Meteorite hunters recovered about 50 fragments, which researchers later named the "Almahata Sitta" collection after a nearby train station in Sudan.
But while many stony meteorites hail from Mars, these were peculiar: They contained a bunch of tiny diamonds.
Scientists now think those gems and the impurities found inside them could only come from the heart of a Mercury-to-Mars-size planet. This means the rock that fell to Earth nearly a decade ago was part of a "lost" planet formed — and completely destroyed — at the dawn of the solar system.
'[T]his is the first compelling evidence for such a large body that has since disappeared," wrote the authors of a new study, published Monday in Nature Communications.
If true, the rocks could be the first pristine samples, or ureilites, of a dead planetary embryo ever recovered on Earth.
Why scientists think they've found part of a destroyed planet
The diamonds we're familiar with are formed when sheets of carbon called graphite — the same material in pencil lead — is squeezed to incredible pressures.
Inside Earth, they're made when carbon-rich magma more than 100 miles below the crust pipes upward and cools in a lava tube. The pressures found about 1 mile deep cause the carbon to crystallize into diamonds. (Though, lately, engineers have been making diamonds out of dead people.)
But diamonds can form much deeper inside a planet, and they're rarely pure.
"Diamonds very often encapsulate and trap minerals and melts present in their formation environment, in the form of inclusions," said the authors of the study, which was led by researchers at the Earth and Planetary Science Laboratory in Switzerland. "In terrestrial diamonds, this has allowed to estimate the depth of diamond formation, and to identify the composition and petrology of phases sampled at that depth."
Using those tools, the researchers said, they could discover the conditions under which the diamonds inside asteroid 2008 TC3 might have formed.
The scientists cut up a sample of the rock and analyzed it with a battery of electron-microscope technologies.
Farhang Nabiei and Emad Oveisi/EPFL; Nature Communications
The images revealed inclusions (impurities) of sulfur, iron, and a mineral called chromite, as well as warping of the diamond crystal and nearby graphite.

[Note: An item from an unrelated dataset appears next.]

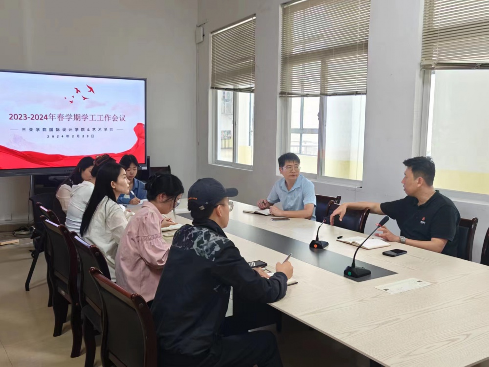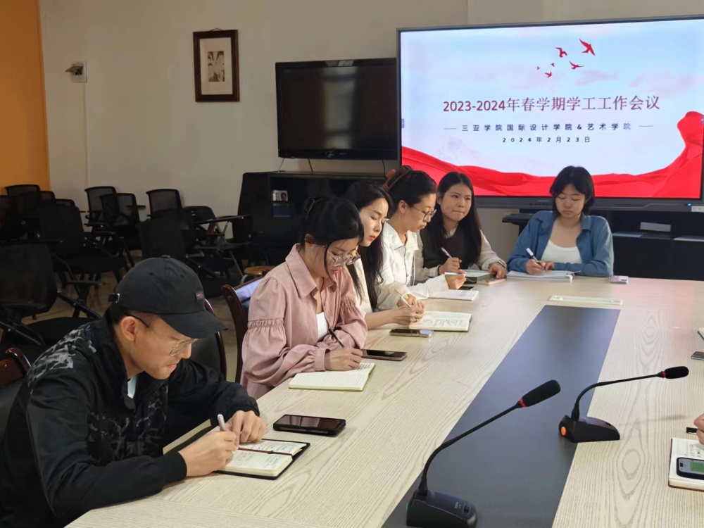 2024年2月23日艺术学院学工团队于书德楼三楼艺术学院会议室召开2024年春季学期开学准备工作会议,安排部署新学期开学工作。艺术学院党总支书记张鑫、团委副书记谢洪浪、团委副书记张誉丹以及艺术学院全体思想导师参加了会议。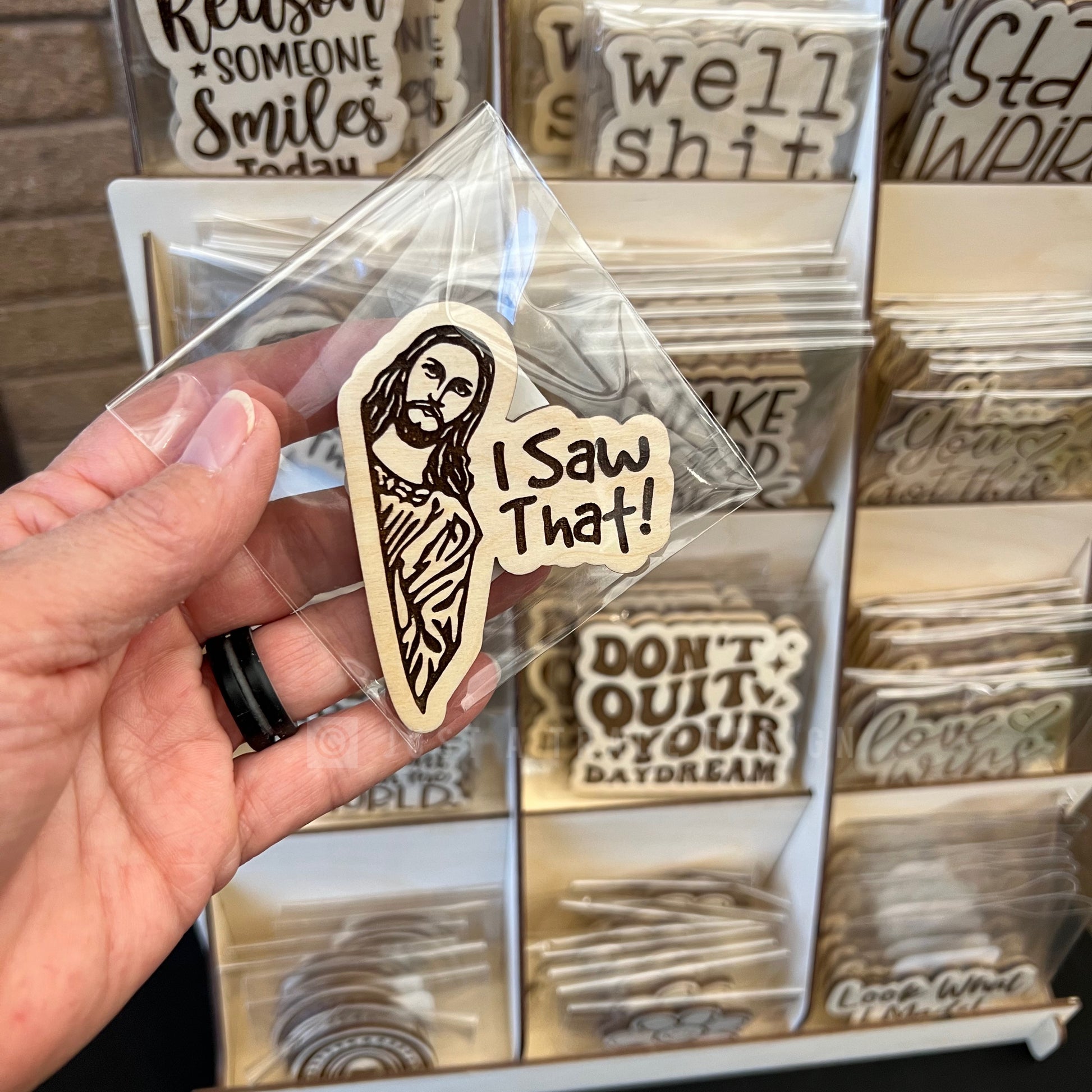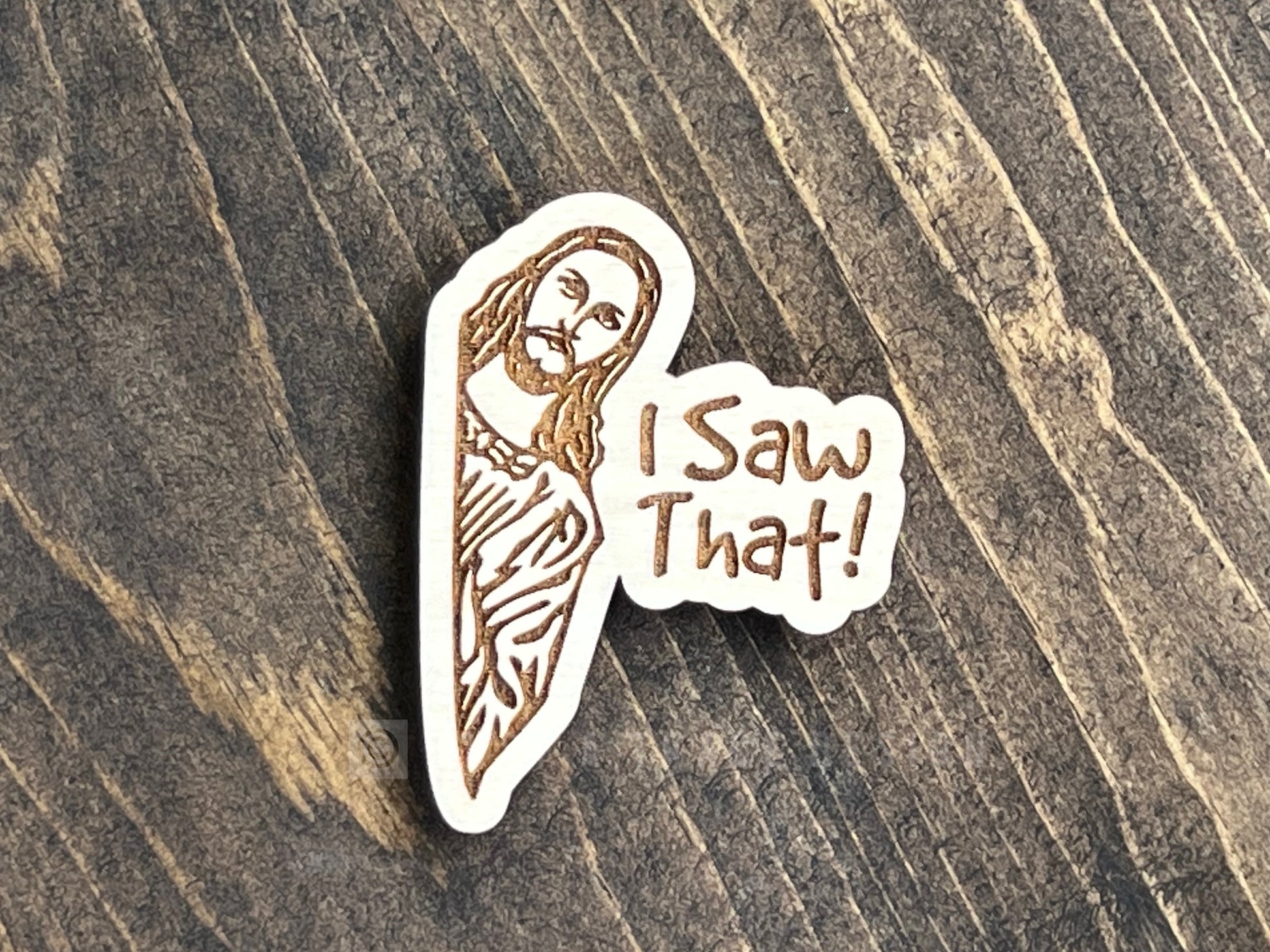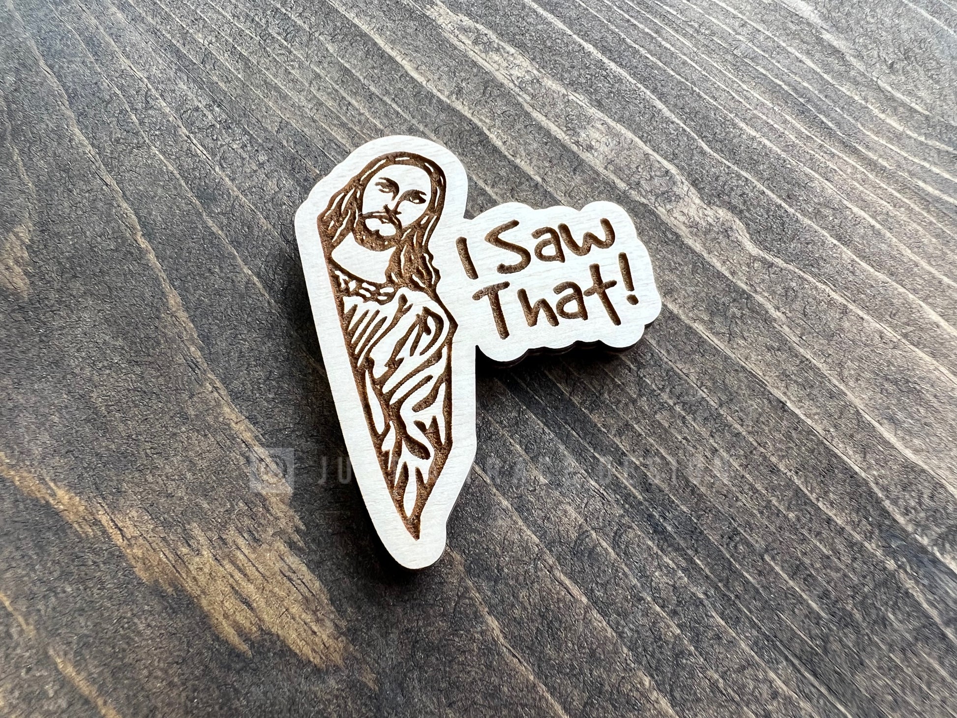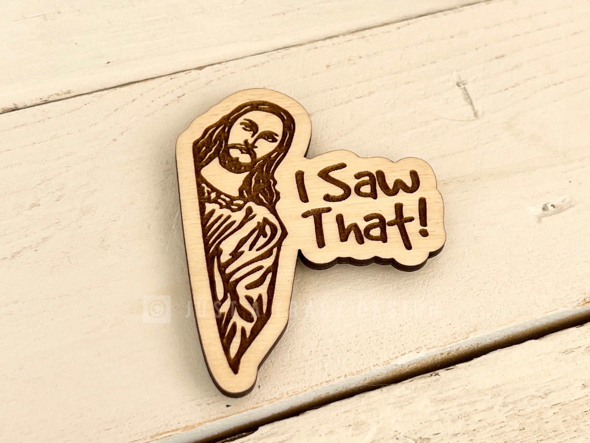 Introducing our I Saw That Jesus Wood Magnet! A funny way to add a touch of unique design to any fridge, magnetic board, or any magnetic surface you can think of.

According to the researchers, this means the diamonds formed at the extreme pressure of 20 gigapascals — about 180 times as crushing as the pressure found at the bottom of the Marianas Trench, the deepest point in Earth's oceans. Because of that, they concluded the diamonds likely formed in an environment found only inside rocky planets.
Specifically, the researchers think a rocky, proto-planet "embryo" at least 4,800 miles wide — which formed roughly 10 million years into the solar system's formation — made the diamonds found in asteroid 2008 TC3.
"Many planetary formation models have predicted that these planetary embryos existed in the first million years of our solar system, and the study offers compelling evidence for their existence," a press release from the Earth and Planetary Science Laboratory said.
Such planetary embryos got ejected from the solar system and either became rogue planets or smashed together. Some collisions formed larger worlds, while others created systems of planets and satellites like Earth and its moon.
The mystery planet doesn't have a name, but the researchers said it was "lost" when it was "destroyed by collisions some 4.5 billion years ago."
NASA will soon visit the metal core of a dead world
Scientists aren't waiting around for more pieces of dead planets to rain on Earth — they're planning to fly out and meet one.
A mission recently selected by NASA, called Psyche, will launch a spacecraft to the metallic core of a Mars-size planet.
That world is called 16 Psyche, and Jim Green, NASA's chief scientist, has described it as "a very large and rare" asteroid located in Asteroid Belt.
It's about 155 miles (250 km) wide and thought to be made of pure nickel and covered in ice.
The Psyche probe, set to launch in 2022, will visit the dead planet and analyze its secrets.
"These missions will help us learn about the infancy of our solar system, a period just 10 million years after the birth of our sun," Green said of Psyche and another mission, Lucy, in a 2017 NASA video.